__Exercise brief__.
Print nothing beyond the line with "우리는 DB의 비밀번호와": every line from the beginning of the data up to it, that line included, and no pictures.

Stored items
*** Begin section ***

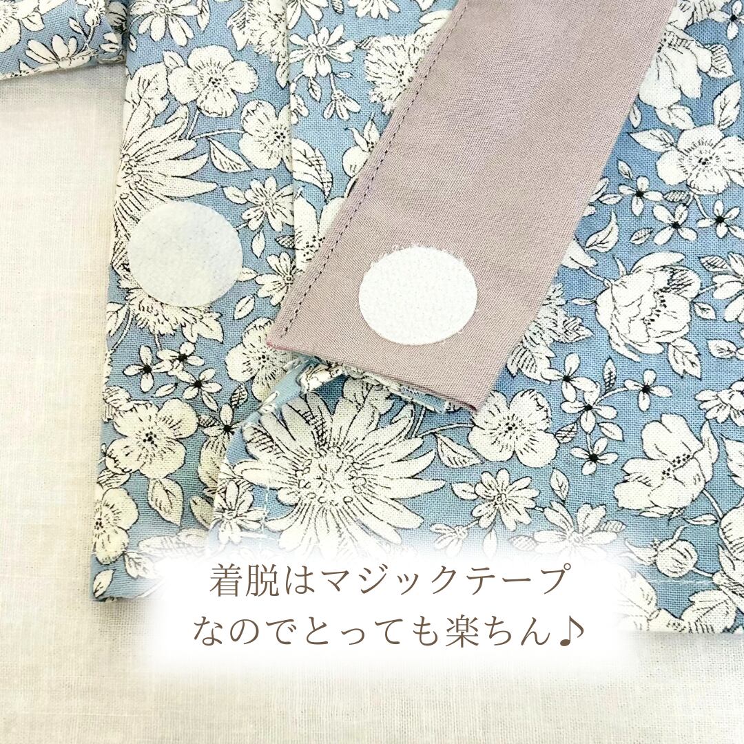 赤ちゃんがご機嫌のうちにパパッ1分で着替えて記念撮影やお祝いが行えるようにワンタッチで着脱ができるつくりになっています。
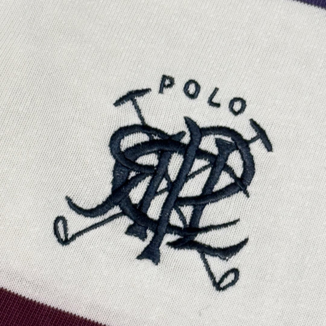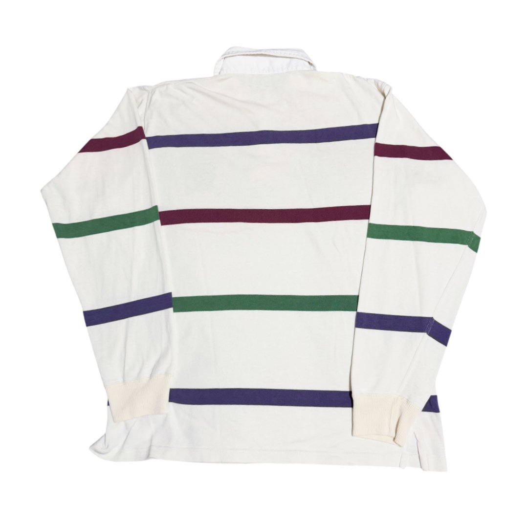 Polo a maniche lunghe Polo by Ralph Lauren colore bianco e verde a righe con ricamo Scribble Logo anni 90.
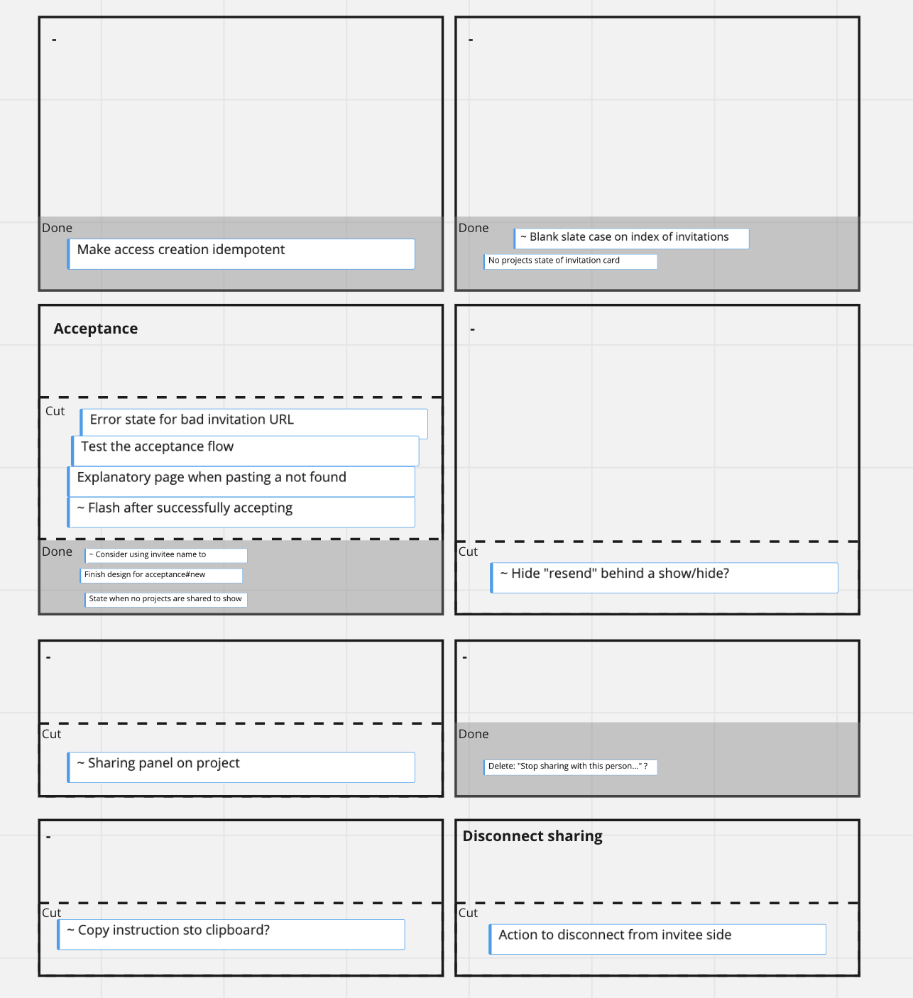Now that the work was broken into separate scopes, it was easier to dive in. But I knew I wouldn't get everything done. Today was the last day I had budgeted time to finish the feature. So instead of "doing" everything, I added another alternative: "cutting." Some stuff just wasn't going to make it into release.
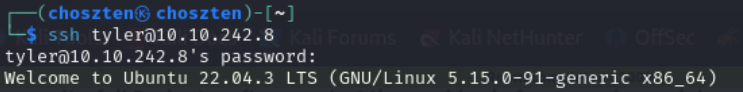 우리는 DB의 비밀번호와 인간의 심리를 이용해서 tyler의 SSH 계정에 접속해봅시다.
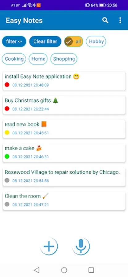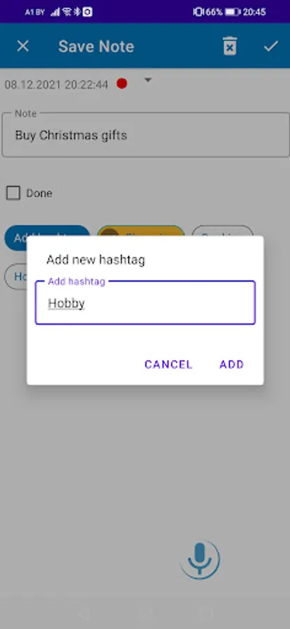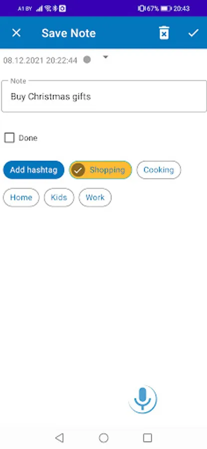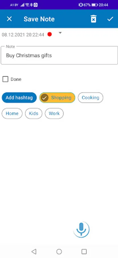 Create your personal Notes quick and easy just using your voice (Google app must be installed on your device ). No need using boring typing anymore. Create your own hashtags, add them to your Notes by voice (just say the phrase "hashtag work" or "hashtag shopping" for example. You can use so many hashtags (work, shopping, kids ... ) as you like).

*** End section ***

__Task output__.
 赤ちゃんがご機嫌のうちにパパッ1分で着替えて記念撮影やお祝いが行えるようにワンタッチで着脱ができるつくりになっています。
 Polo a maniche lunghe Polo by Ralph Lauren colore bianco e verde a righe con ricamo Scribble Logo anni 90.
Now that the work was broken into separate scopes, it was easier to dive in. But I knew I wouldn't get everything done. Today was the last day I had budgeted time to finish the feature. So instead of "doing" everything, I added another alternative: "cutting." Some stuff just wasn't going to make it into release.
 우리는 DB의 비밀번호와 인간의 심리를 이용해서 tyler의 SSH 계정에 접속해봅시다.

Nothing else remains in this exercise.